Blood samples (5 ml) were obtained from each participant’s antecubital vein after 12 hours of overnight fasting at baseline and the end of the trial. After centrifugation of the blood, serum samples were frozen at -70^°C until the assay time. 25-OH D3 levels were measured by using ELISA kits (Monobind kit, Monobind Inc., Lake Forest, CA, USA). TSH was measured using commercial ELISA kits (TSH, Pishtaz Teb Zaman Diagnostics, Tehran, Iran) based on the instructions of the manufacturer. The concentration of T₄, T₃, and fT₄ was determined using an ELISA kit (Pishtaz Teb Zaman Diagnostics, Tehran, Iran). Triglyceride (TG), total cholesterol (TC), and HDL-C were measured by standard enzymatic method with commercial kits (Pars Azmoon, Tehran, Iran). Friedewald formula was applied for low-density lipoprotein cholesterol (LDL-C) calculation: LDL-C = TC (mg/dl) _ ([HDL-C (mg/dl) + TG (mg/dl)]/5). The ELISA method with the human irisin ELISA kit E3253Hu (Bioassay Technology- China) was used to measure the serum concentration of irisin. The intra- and inter-assay coefficients of variation for irisin were <8% and <10%, respectively, and the sensitivity was 0.095 ng/ml.

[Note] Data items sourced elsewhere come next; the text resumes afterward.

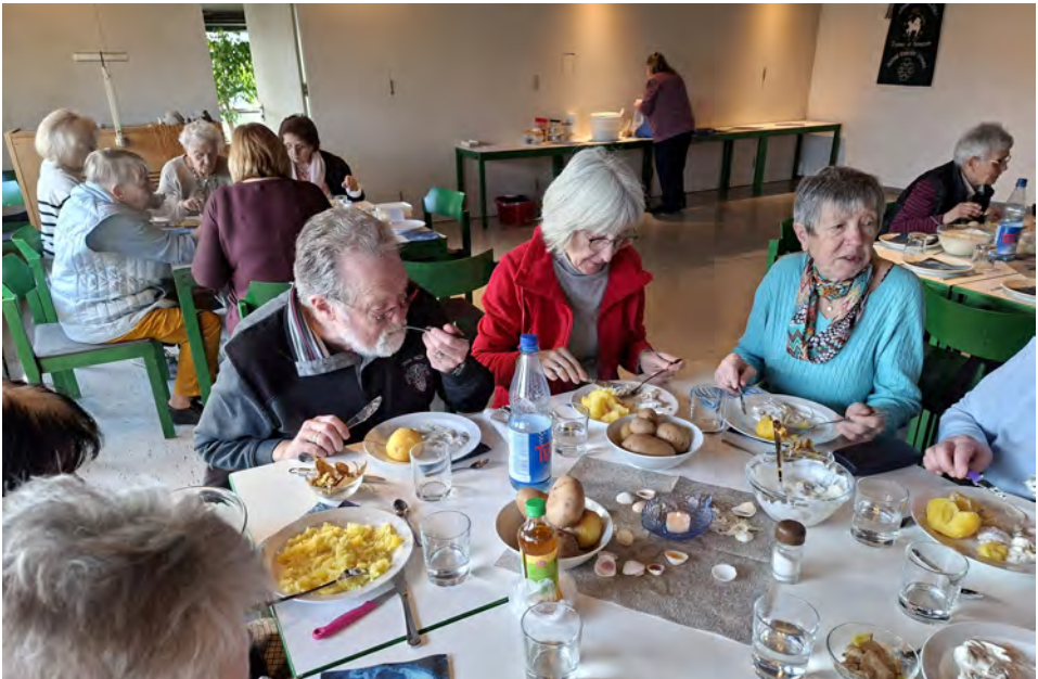
Im Altenkreis beim Heringessen.

Seien Sie herzlich eingeladen! (bitte unbedingt bei Frau Doelle anmelden) (Tel. 5908) oder bei Frau Dunker (Tel. 82451).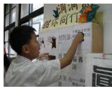
發現洞中獎品的驚奇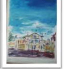
OBR-000057 AUTOR: JUAN CESTERO RD$25,000.00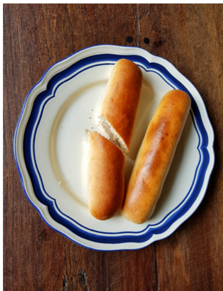
Twee Brabantse worstenbroodjes

Als er markt is op de Markt , op woensdag, vrijdag en zater-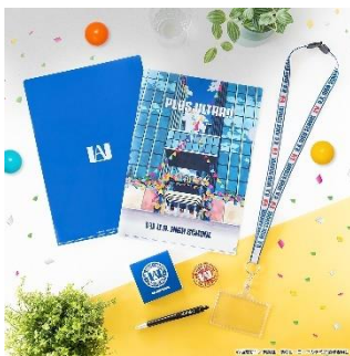
オープンスクール記念セット(全1種) 価格：3,900円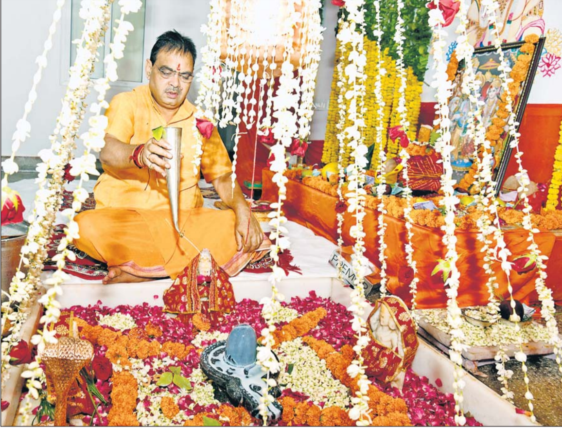
पवित्र माह श्रावण मास के चौथे सोमवार को मुख्यमंत्री भजनलाल शर्मा ने मुख्यमंत्री आवास परिसर में स्थित शिव मंदिर में भगवान महादेव की विधिवत् पूजा-अर्चना कर प्रदेशवासियों के मंगल व खुशहाल जीवन की कामना की।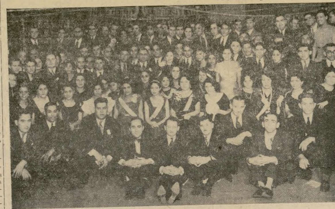
Un lucido grupo de socios y simpatizadores de esta organización puertorriqueña se reunió el sábado para participar en el baile que había organizado, y quedaron muy complacidos, tanto de las atenciones recibidas de los directivos como de la agradable velada, cuyo baile duró hasta pasado la una de la madrugada, en el Spartacus Club.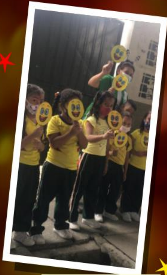
Dimensión estética Preescolar

The primary outcome includes metabolic parameters (serum level of vitamin D, thyroid hormones, lipids profile, and irisin) and the secondary outcomes were the measurements of obesity indices and body composition.

Statistical analysis

Statistical analyses were done using SPSS software (version 16; SPSS Inc, Chicago, IL). The normality of the data distribution was assessed by the Kolmogorov–Smirnov test and descriptive indices. The results of quantitative data with normal and non-normal distribution are reported as mean ± SD and median (25th and 75th percentiles), respectively. Frequency (percent) is reported for qualitative data. Due to the non-normal distribution of irisin, logarithmic transformation was performed before the analysis. Comparison of baseline characteristics between the groups was done using the independent sample t-test, Mann–Whitney U test, and chi-squared test. To compare within-group changes before and after the intervention, the paired sample t-test and Wilcoxon signed-rank test were applied. The changes between the two groups after the intervention were compared by analysis of covariance adjusting for the baseline values and other potential confounders. Each variable’s percentage change was obtained by the following formula: [(after mean value - before mean value)/before mean value] 100. All analyses were carried out by the intention-to-treat principle, and p-values less than 0.05 (p < 0.05) were considered statistically significant.

Results

General characteristics

Forty-four women with subclinical hypothyroidism were enrolled in the trial and 41 participants (21 in the vitamin D group and 20 in the placebo group) completed the 12-week study. The reasons for withdrawal from the intervention are outlined in the study flow diagram (Figure 1). The compliance with the study protocol based on counting the number of recursive pearls was more than 96% among participants who completed the trial. Throughout the study, no adverse effects were reported.

Figure 1

Figure 1 Study flow diagram. ITT, Intention-to-treat.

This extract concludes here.